● **What the task requires**
Using the data below, restate exactly every line from the one with "Got a few good" up to and including the one with "your husband’s a". No picture belongs in it.

● **Given entries**
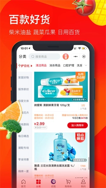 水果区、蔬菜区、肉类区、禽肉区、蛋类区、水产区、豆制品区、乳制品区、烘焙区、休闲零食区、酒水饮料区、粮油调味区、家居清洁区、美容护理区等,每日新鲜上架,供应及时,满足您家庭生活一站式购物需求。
--
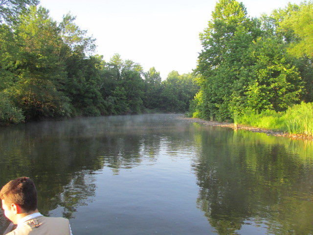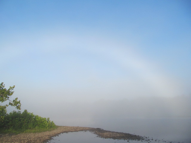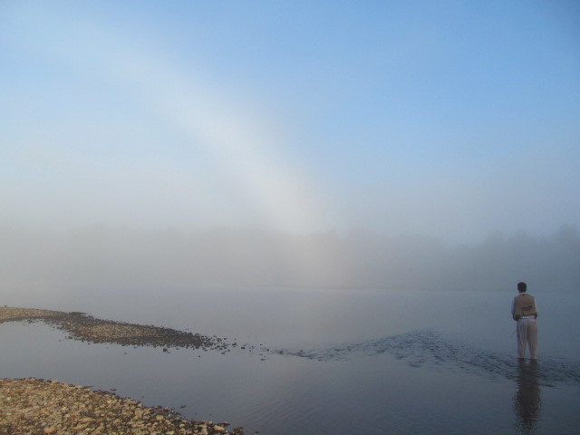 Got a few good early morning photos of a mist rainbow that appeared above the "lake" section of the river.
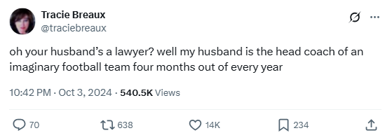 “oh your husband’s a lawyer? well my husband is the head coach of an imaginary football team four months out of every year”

● **Exercise answer**
 Got a few good early morning photos of a mist rainbow that appeared above the "lake" section of the river.
 “oh your husband’s a lawyer? well my husband is the head coach of an imaginary football team four months out of every year”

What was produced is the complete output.